Once the pictures are set aside, reproduce the remaining data exactly.

[Record excerpts — start]

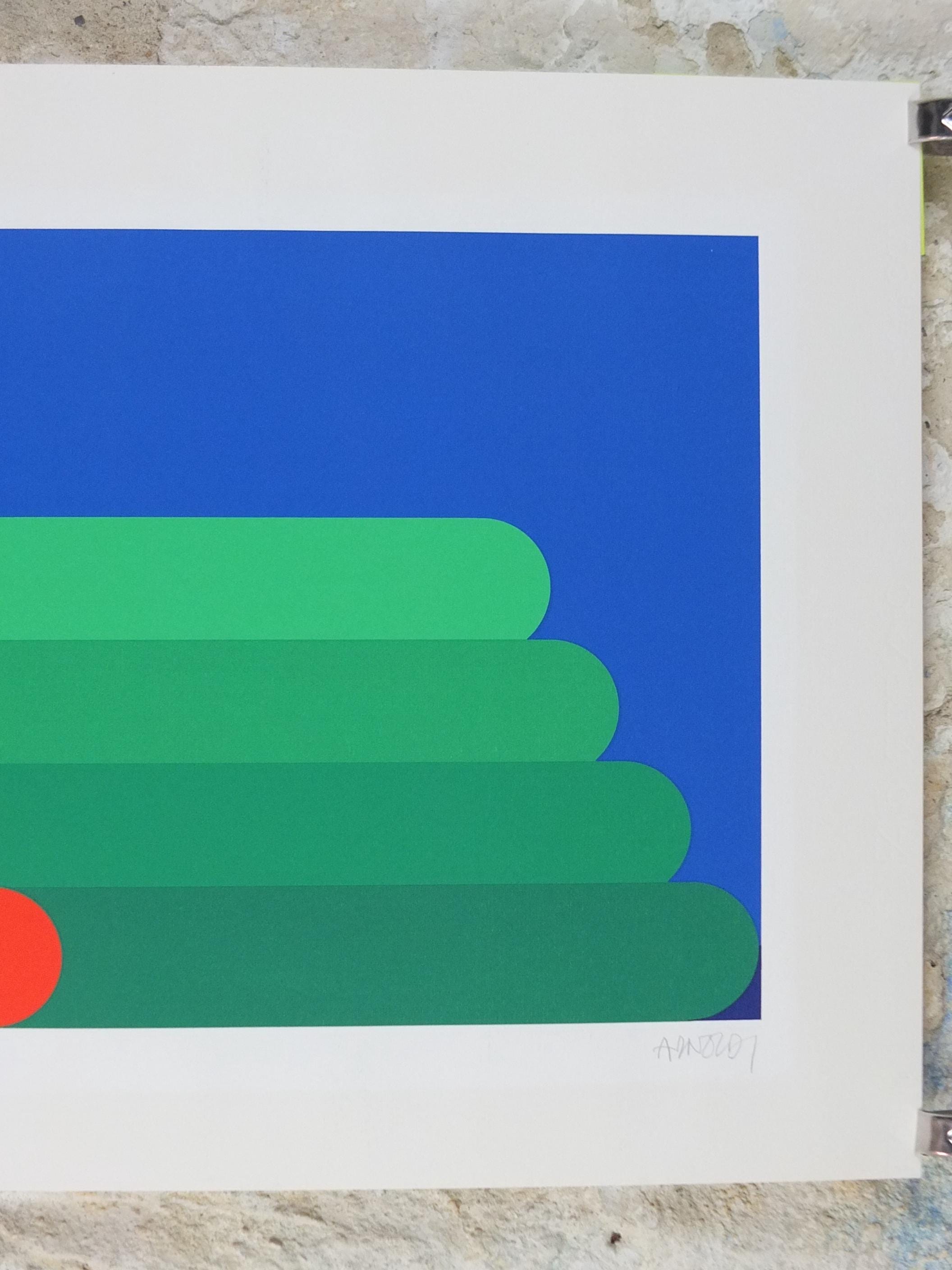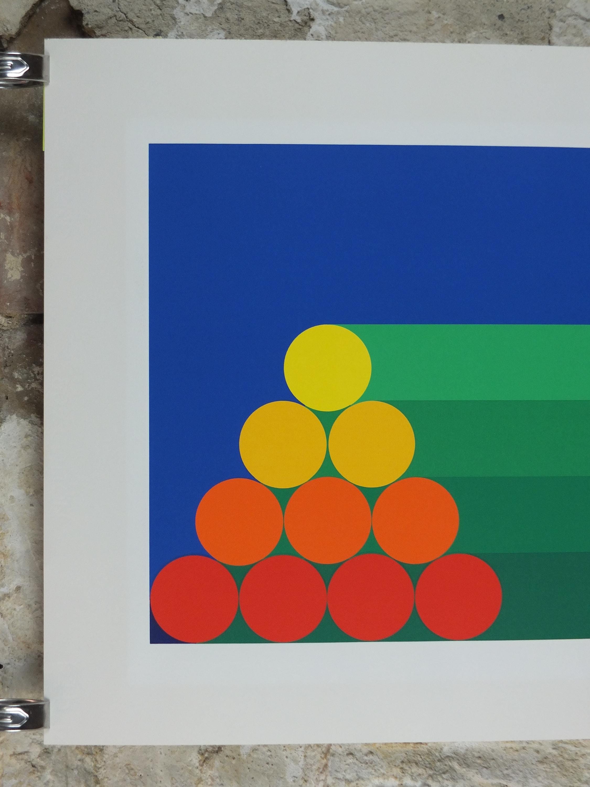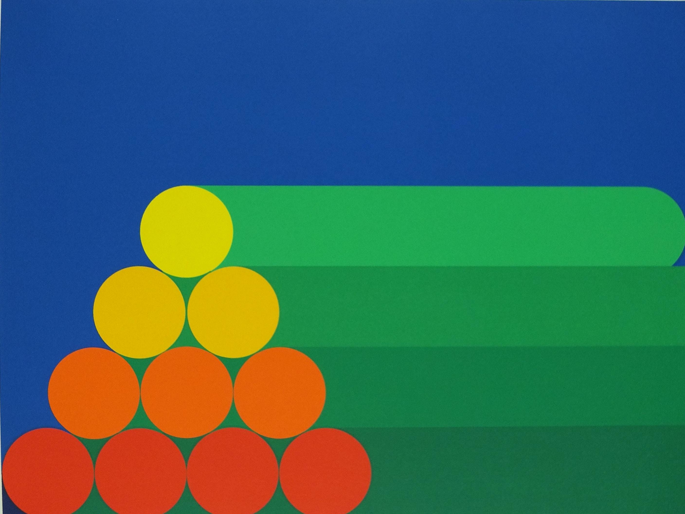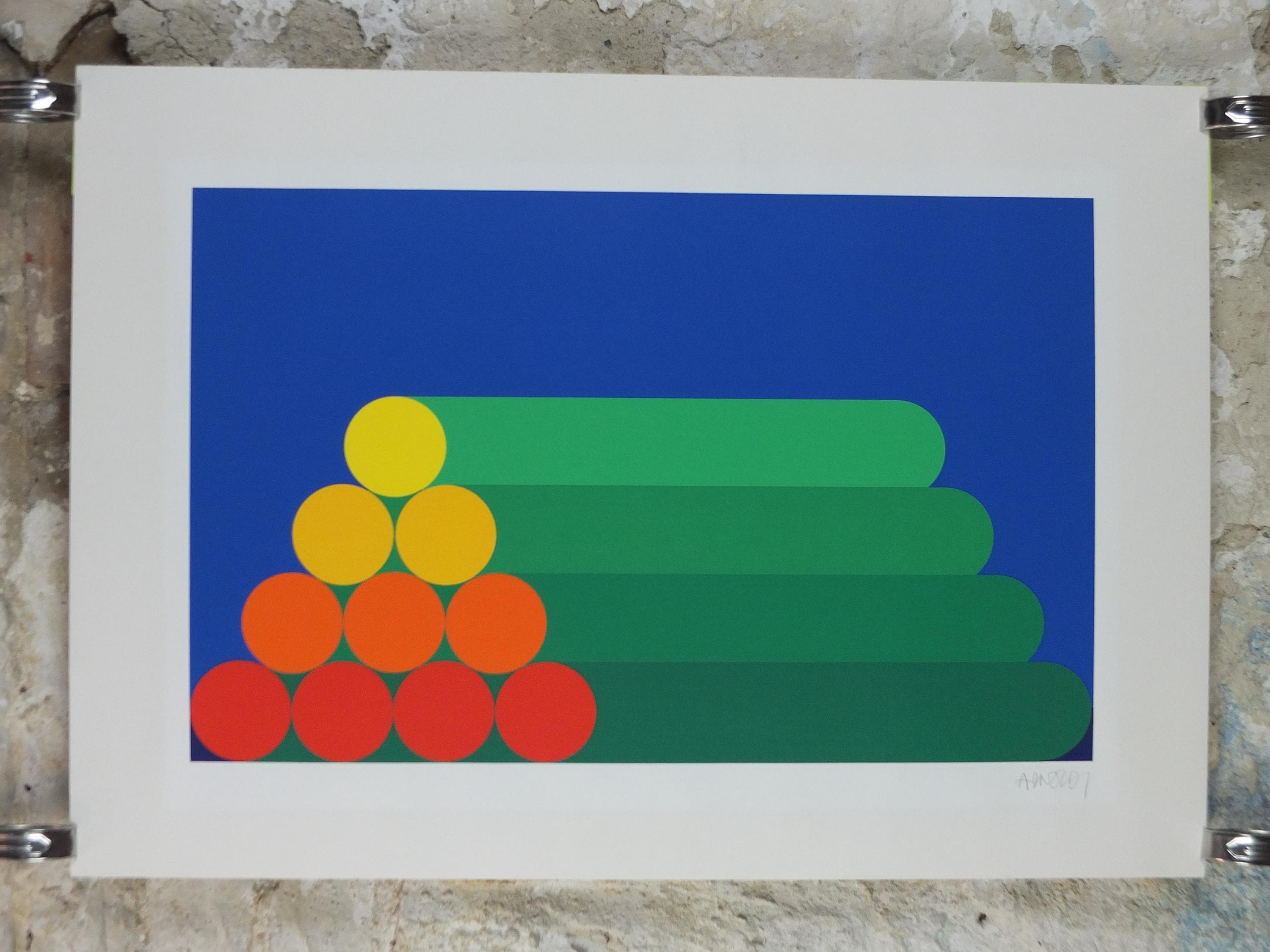 This is an original hand signed poster for Per Arnoldi's minimalist and geometric abstraction style, which uses simple geometric shapes, clean lines, and a limited palette of bold, often primary, colors.
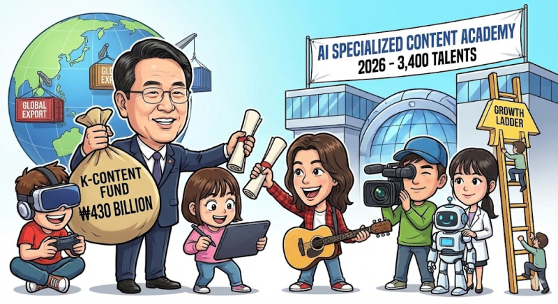 문화체육관광부(문체부)와 한국콘텐츠진흥원이 생성형 인공지능(AI) 확산 등 급변하는 콘텐츠 산업 환경에 대응하고 ‘K-콘텐츠’의 지속 성장을 이끌기 위한 ‘2026년 K-콘텐츠 인재양성사업’을 본격 추진한다.
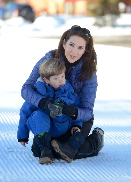 Ksiaze Frederik i Ksiezna Mary z dziecmi na sniegu w Szwajcarii
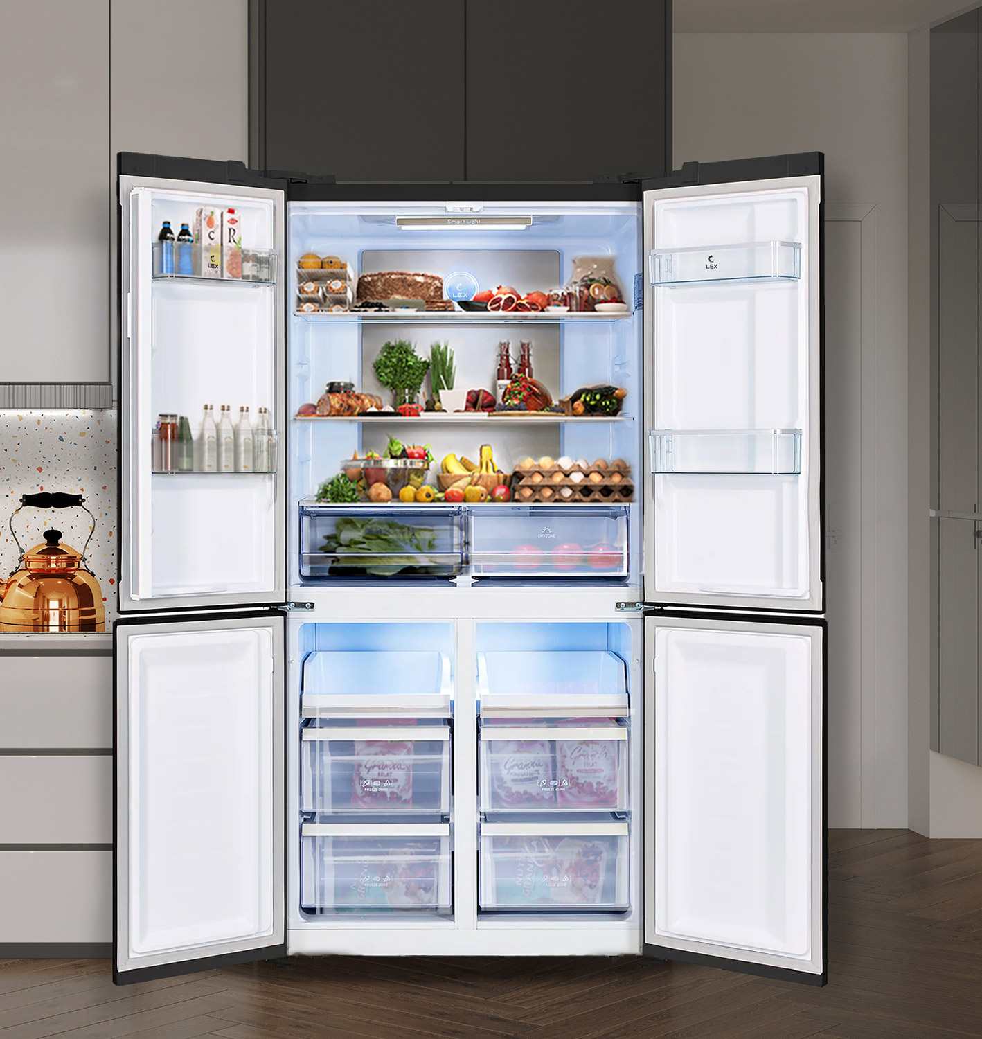 Возможность перевешивания двери нет Количество дверей 4 Количество камер 2 Мощность замораживания до 12 кг/cутки Общий объем 465 л Объем морозильной камеры 144 л Размер (Высота) 183 см Размер (Глубина) 63,6 см Размер (Ширина) 91,1 см Размораживание морозильной камеры No Frost Тип установки отдельностоящий Цвет черное стекло Класс энергопотребления класс A+ Ширина прибора 91 - 121 см Высота прибора 181 - 185 см Управление электронное Гарантийный срок (месяцы) 36,6 Страна производитель Китай Ссылка на сайт производителя https://lex1.ru/shop/holodilniki/side-by-side/lex-lsb505blgid Максимальный уровень шума 42 дБ Тип холодильник с морозильником Внутреннее освещение есть Зона свежести есть Объем холодильной камеры 321 л Размораживание холодильной камеры No Frost Расположение морозильной камеры снизу Размер в упаковке (Высота) 189,5 см Размер в упаковке (Ширина) 96,8 см Размер в упаковке (Глубина) 68 см Вес прибора 100 кг Тип компрессора инверторный Полка для бутылок есть Количество контейнеров в морозильной камере 4 Размер (Ширина), см 91,1 Размер (Высота), см (Общие) 183 Размер (Глубина), см 63,6 - Отзывы
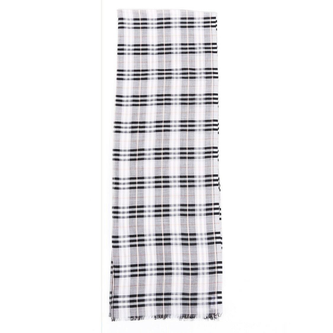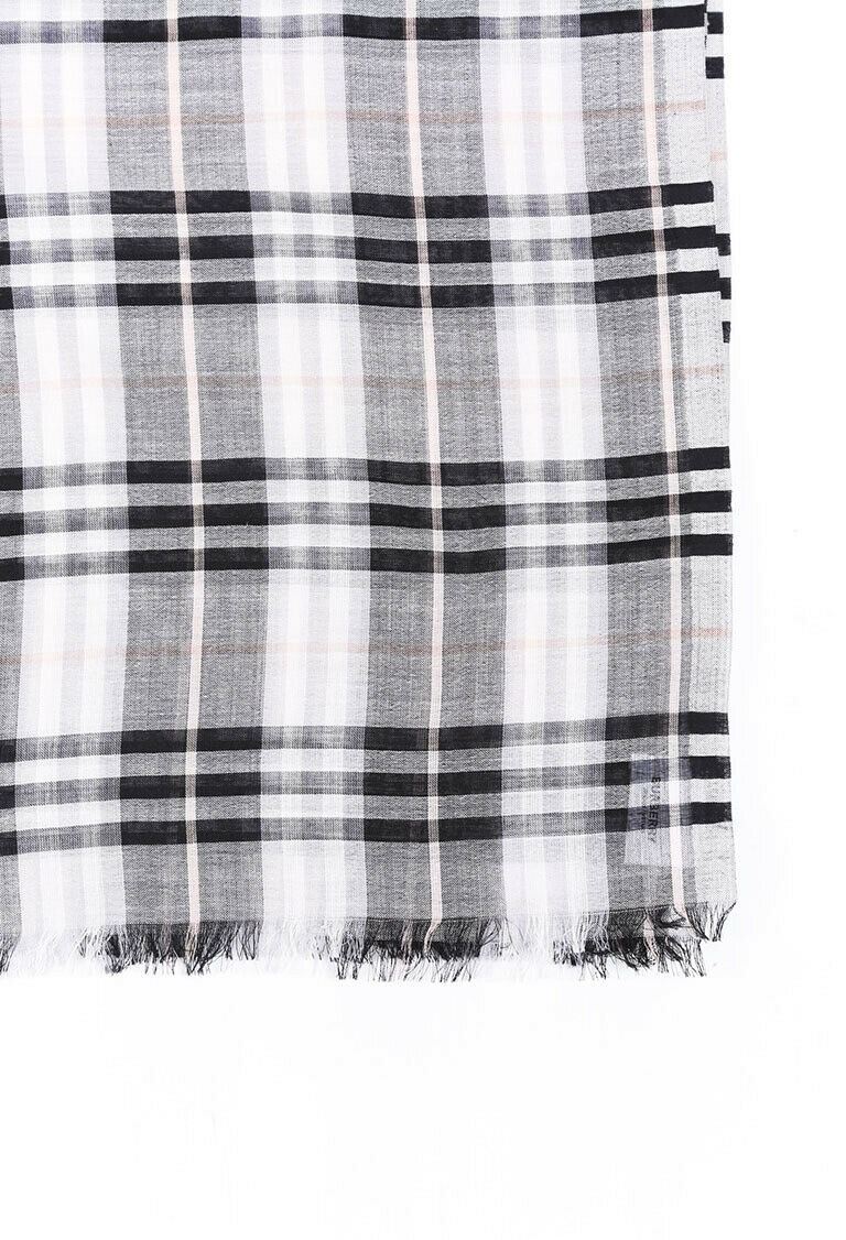Description: Burberry Noca Check wool and silk blend scarf features frayed edges. Comes with: Box, Brand Tags
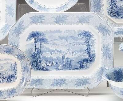 Historical medium blue transferware platter william ridgway, son & co., circa 1844
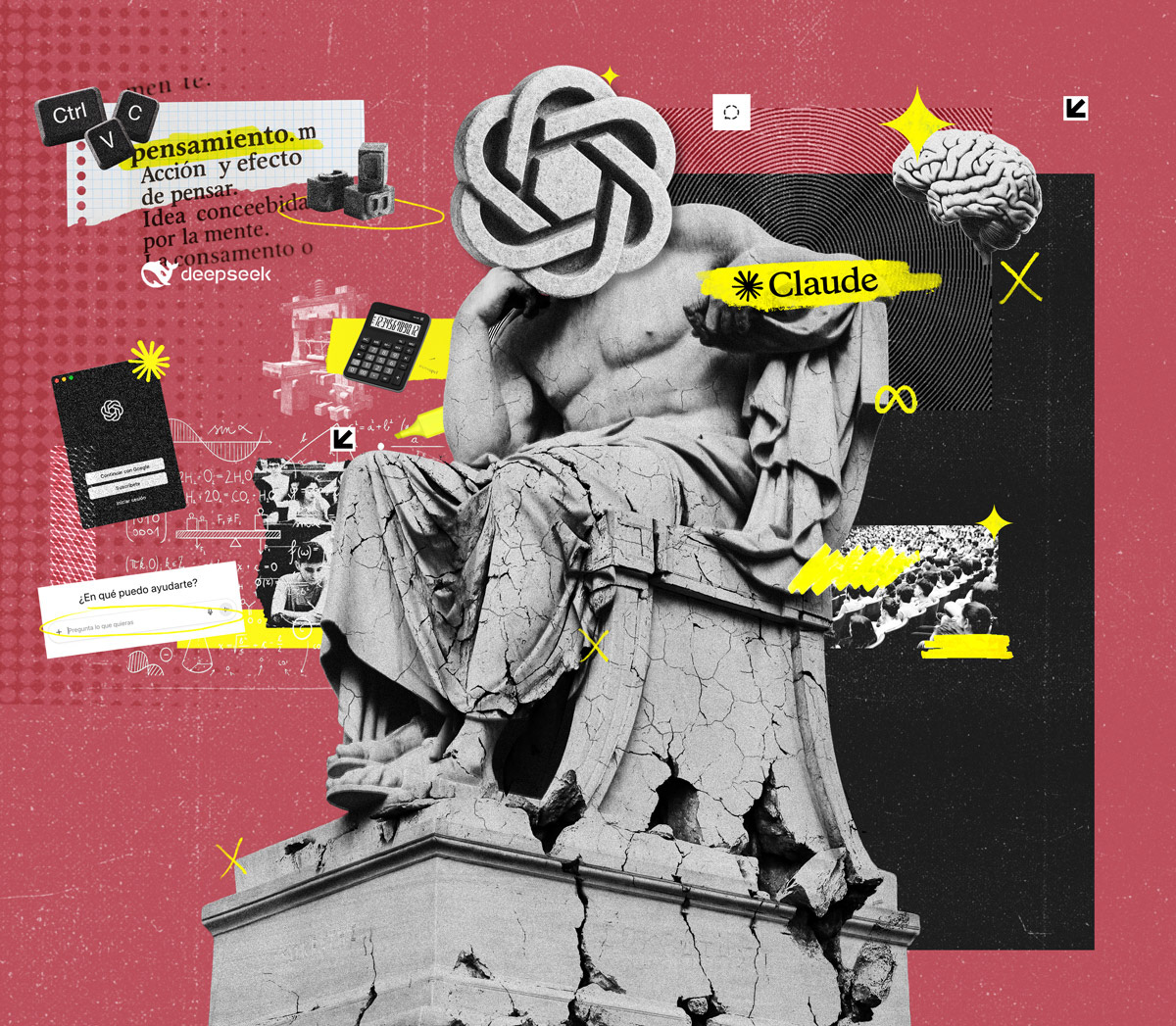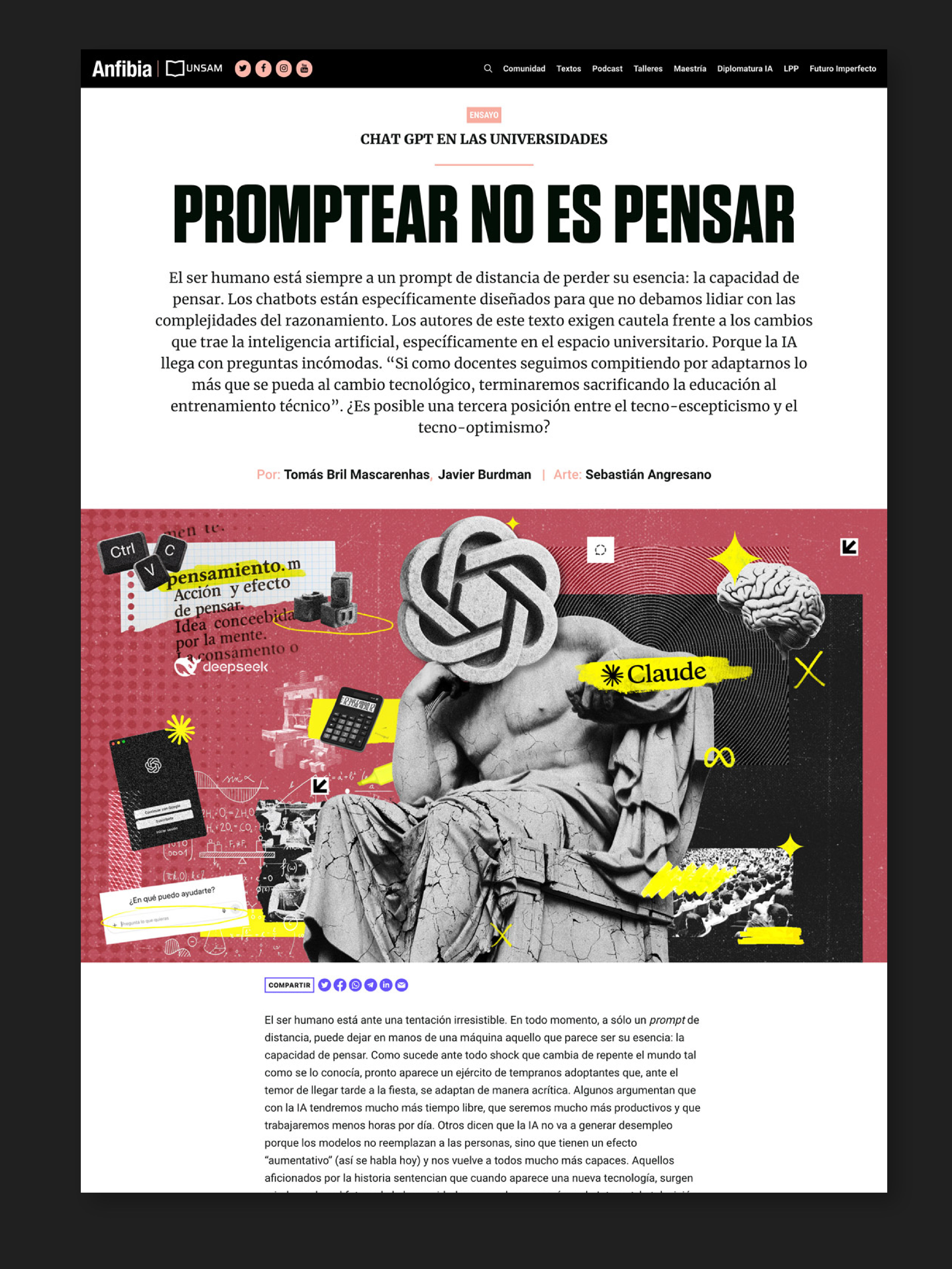 Realice la portada para la nota de Tomás Bril Mascarenhas + Javier Burdman publicado en Revista Anfibia. - Un texto donde se reflexiona sobre el uso de las herramientas de IA en la universidad. Y que creo que también nos invita a pensar sobre el impacto de la inteligencia artificial en los ámbitos laborables, profesionales y personales.

[Record excerpts — finish]

-- Result of the exercise --
 This is an original hand signed poster for Per Arnoldi's minimalist and geometric abstraction style, which uses simple geometric shapes, clean lines, and a limited palette of bold, often primary, colors.
 문화체육관광부(문체부)와 한국콘텐츠진흥원이 생성형 인공지능(AI) 확산 등 급변하는 콘텐츠 산업 환경에 대응하고 ‘K-콘텐츠’의 지속 성장을 이끌기 위한 ‘2026년 K-콘텐츠 인재양성사업’을 본격 추진한다.
 Ksiaze Frederik i Ksiezna Mary z dziecmi na sniegu w Szwajcarii
 Возможность перевешивания двери нет Количество дверей 4 Количество камер 2 Мощность замораживания до 12 кг/cутки Общий объем 465 л Объем морозильной камеры 144 л Размер (Высота) 183 см Размер (Глубина) 63,6 см Размер (Ширина) 91,1 см Размораживание морозильной камеры No Frost Тип установки отдельностоящий Цвет черное стекло Класс энергопотребления класс A+ Ширина прибора 91 - 121 см Высота прибора 181 - 185 см Управление электронное Гарантийный срок (месяцы) 36,6 Страна производитель Китай Ссылка на сайт производителя https://lex1.ru/shop/holodilniki/side-by-side/lex-lsb505blgid Максимальный уровень шума 42 дБ Тип холодильник с морозильником Внутреннее освещение есть Зона свежести есть Объем холодильной камеры 321 л Размораживание холодильной камеры No Frost Расположение морозильной камеры снизу Размер в упаковке (Высота) 189,5 см Размер в упаковке (Ширина) 96,8 см Размер в упаковке (Глубина) 68 см Вес прибора 100 кг Тип компрессора инверторный Полка для бутылок есть Количество контейнеров в морозильной камере 4 Размер (Ширина), см 91,1 Размер (Высота), см (Общие) 183 Размер (Глубина), см 63,6 - Отзывы
Description: Burberry Noca Check wool and silk blend scarf features frayed edges. Comes with: Box, Brand Tags
 Historical medium blue transferware platter william ridgway, son & co., circa 1844
 Realice la portada para la nota de Tomás Bril Mascarenhas + Javier Burdman publicado en Revista Anfibia. - Un texto donde se reflexiona sobre el uso de las herramientas de IA en la universidad. Y que creo que también nos invita a pensar sobre el impacto de la inteligencia artificial en los ámbitos laborables, profesionales y personales.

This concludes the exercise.